CMS recognizes that the implementation of MACRA will be an iterative process that will continue to be shaped by stakeholder input. CMS has launched a new website, qpp.cms.gov, to educate clinicians about the Quality Payment Program and welcomes additional feedback from all health care stakeholders. Despite the Rule being issued in final form, CMS will continue to accept public comments on the Rule until December 19, 2016.

Impact of the Election on MACRA

With the election of Donald Trump and with Republican control of both houses of Congress, the Rule’s stability, as with other programs implementing health care reform, has been cast into question. Although there are reasons to expect that MACRA itself will not undergo significant revisions—unlike the ACA, MACRA was a bipartisan piece of legislation that was supported by 91% of Congress—any repeal of the ACA or retrenchment from administrative rulemaking could have a significant impact for clinicians looking to take part in Advanced APMs.

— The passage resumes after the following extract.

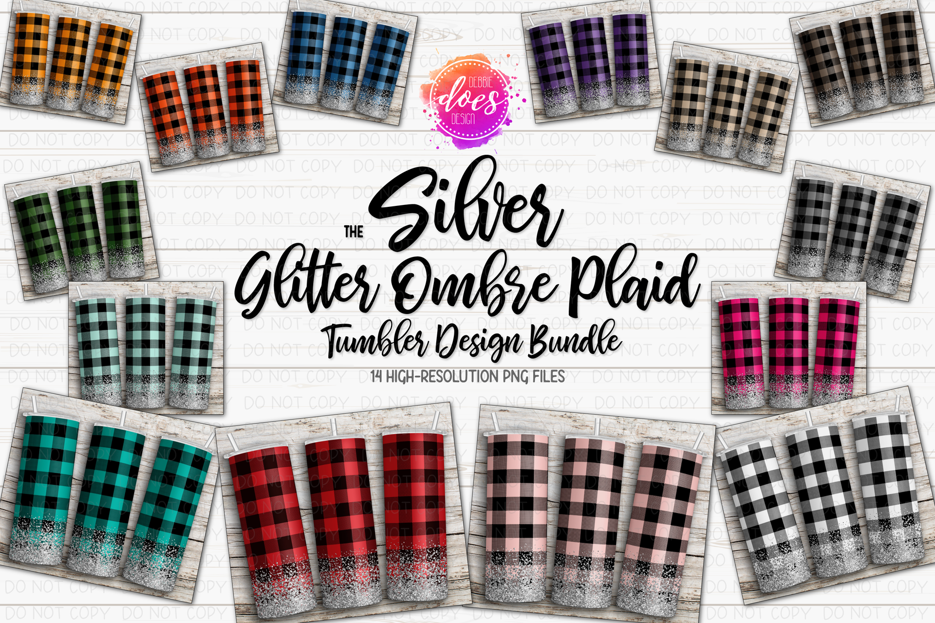 Silver Glitter Plaid Ombre Tumbler Wrap Bundle - Includes 14 files! - Sublimation/Printable Design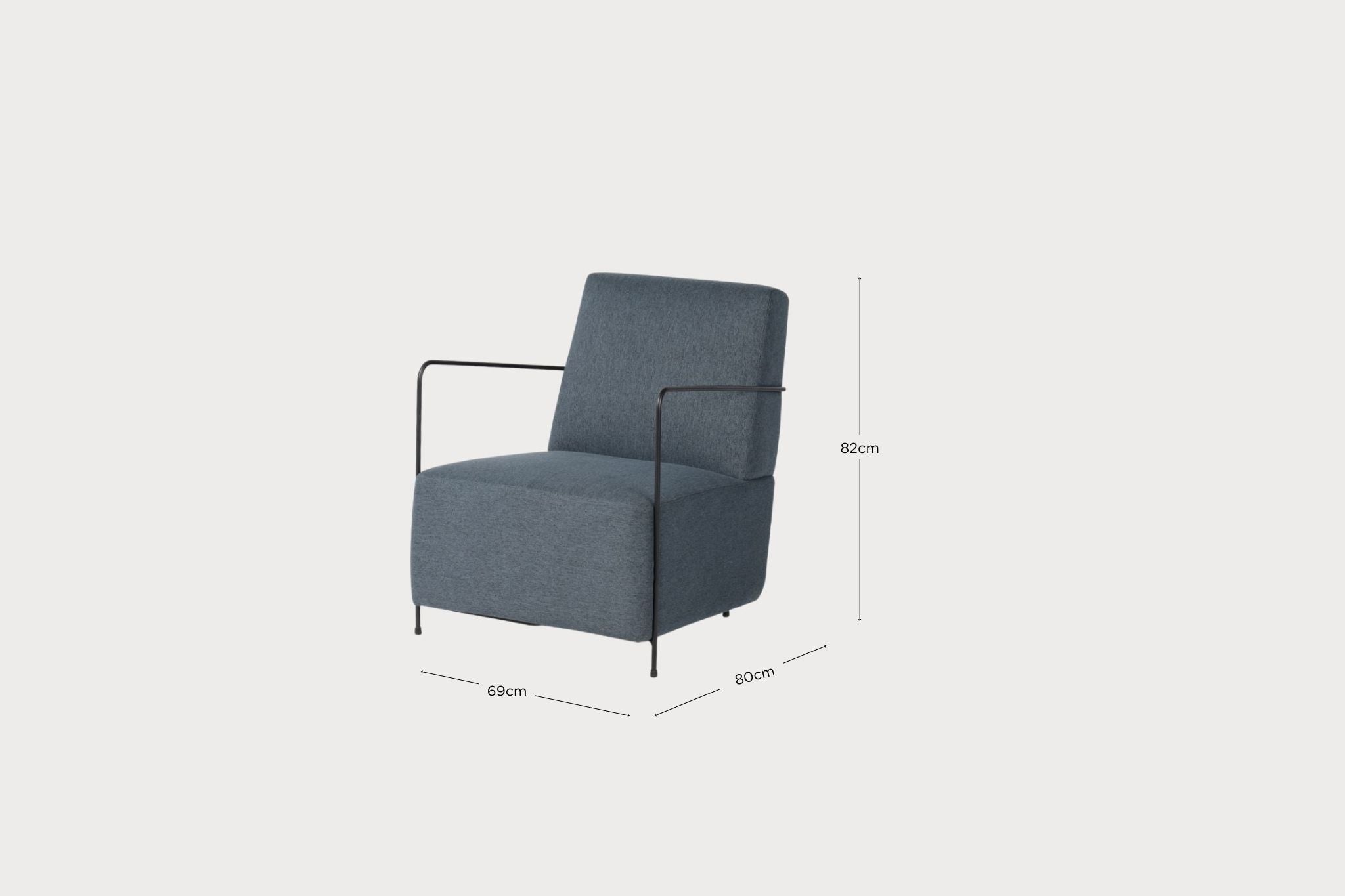 El sillón DAFNE combina funcionalidad y estilo con un diseño compacto y sofisticado, ideal para optimizar espacios sin renunciar al confort. Su tapizado de tela azul aporta un toque de color elegante, que realza cualquier estancia con personalidad.

Specifically, one possible change may involve the CMMI and MSSP ACOs, which, as indicated above, were both established under the ACA. The CMMI is a testing center for innovative payment and service deliver models aimed at reducing Medicare and Medicaid expenditures while enhancing quality of care. The ACA gave CMS fairly broad authority to expand the scope and duration of a payment model being tested. Some of these CMMI models will qualify as Advanced APMs under the Rule, including Next Gen ACOs. In fact, all Advanced APMs cited in the Rule were initiated through the CMMI or established by the ACA. Through a repeal and replacement of the ACA, Congress may opt to assert more control over new payment models and either limit CMMI’s authority or do away with it all together. In fact, by way of a recent letter dated September 29, 2016, 179 members of Congress criticized many of the mandatory CMMI demonstration projects, and these concerns may carry over into future legislative initiatives. Any resulting statutory change to CMMI would thus reduce the number of Advanced APMs open for clinician participation and warrant further changes to the Rule—even if a larger transition from a fee-for-service system to a value-based payment system enjoys broad support on both sides of the aisle.

The content of this article is intended to provide a general guide to the subject matter. Specialist advice should be sought about your specific circumstances.